Problem:
Beginning with the line that holds "French soldiers of" and ending with the last line below, please copy every line exactly, add nothing, and leave out the pictures.

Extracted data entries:
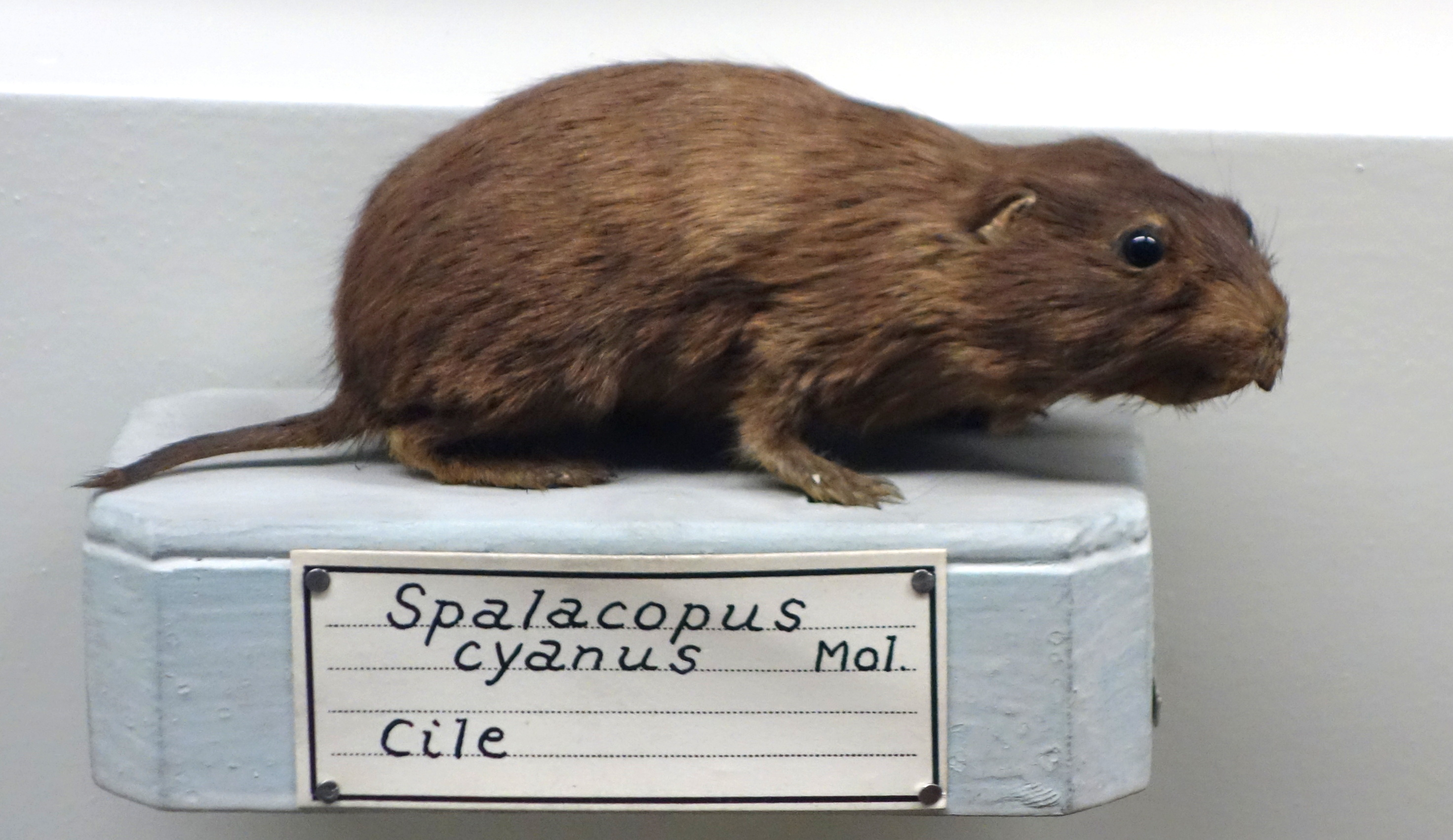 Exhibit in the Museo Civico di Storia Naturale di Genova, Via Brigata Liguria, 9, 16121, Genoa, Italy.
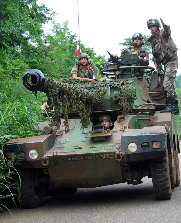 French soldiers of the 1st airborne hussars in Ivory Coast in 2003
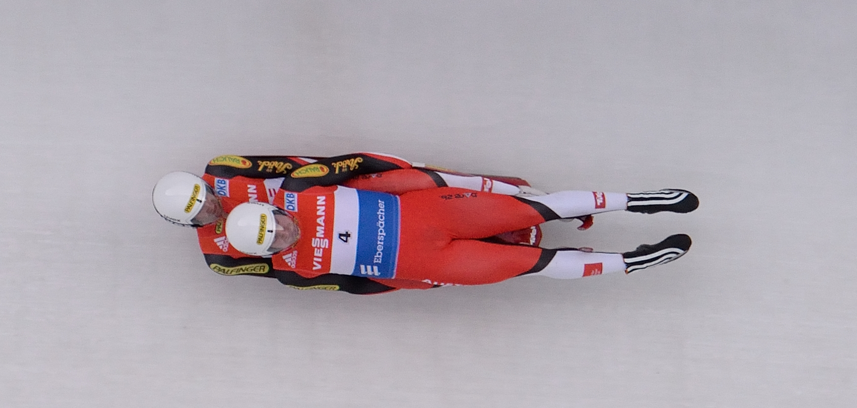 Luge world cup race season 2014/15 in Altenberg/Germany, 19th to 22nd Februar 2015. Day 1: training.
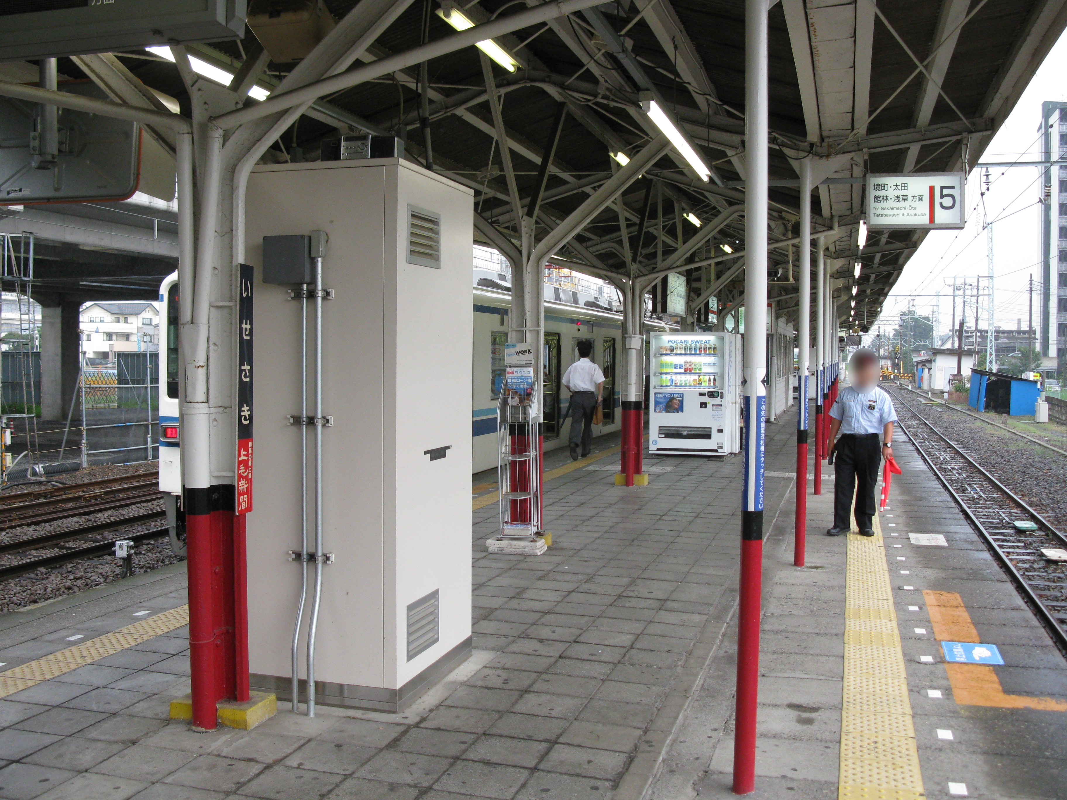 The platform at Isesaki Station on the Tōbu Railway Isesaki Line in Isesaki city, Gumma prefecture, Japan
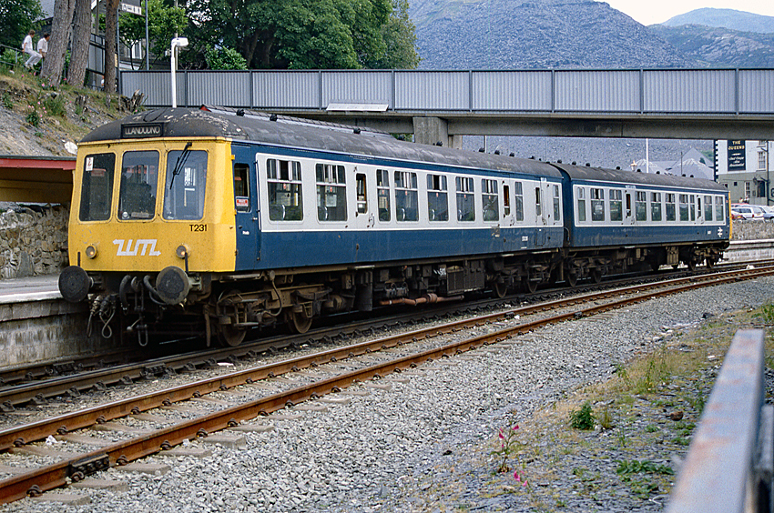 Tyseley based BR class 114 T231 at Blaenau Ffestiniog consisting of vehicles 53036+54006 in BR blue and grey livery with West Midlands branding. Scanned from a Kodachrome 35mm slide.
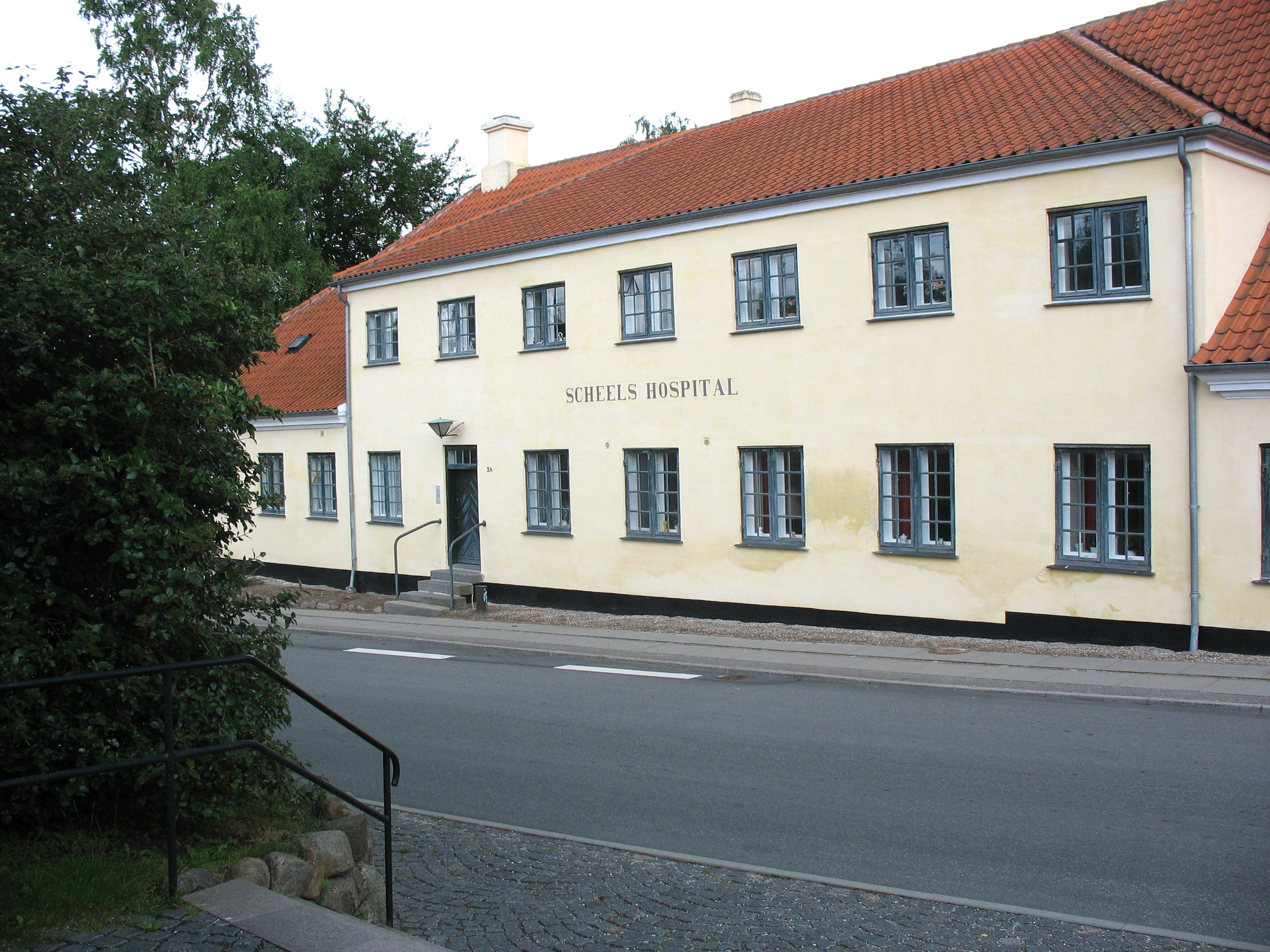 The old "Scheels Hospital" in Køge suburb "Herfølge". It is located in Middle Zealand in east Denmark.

Task answer:
 French soldiers of the 1st airborne hussars in Ivory Coast in 2003
 Luge world cup race season 2014/15 in Altenberg/Germany, 19th to 22nd Februar 2015. Day 1: training.
 The platform at Isesaki Station on the Tōbu Railway Isesaki Line in Isesaki city, Gumma prefecture, Japan
 Tyseley based BR class 114 T231 at Blaenau Ffestiniog consisting of vehicles 53036+54006 in BR blue and grey livery with West Midlands branding. Scanned from a Kodachrome 35mm slide.
 The old "Scheels Hospital" in Køge suburb "Herfølge". It is located in Middle Zealand in east Denmark.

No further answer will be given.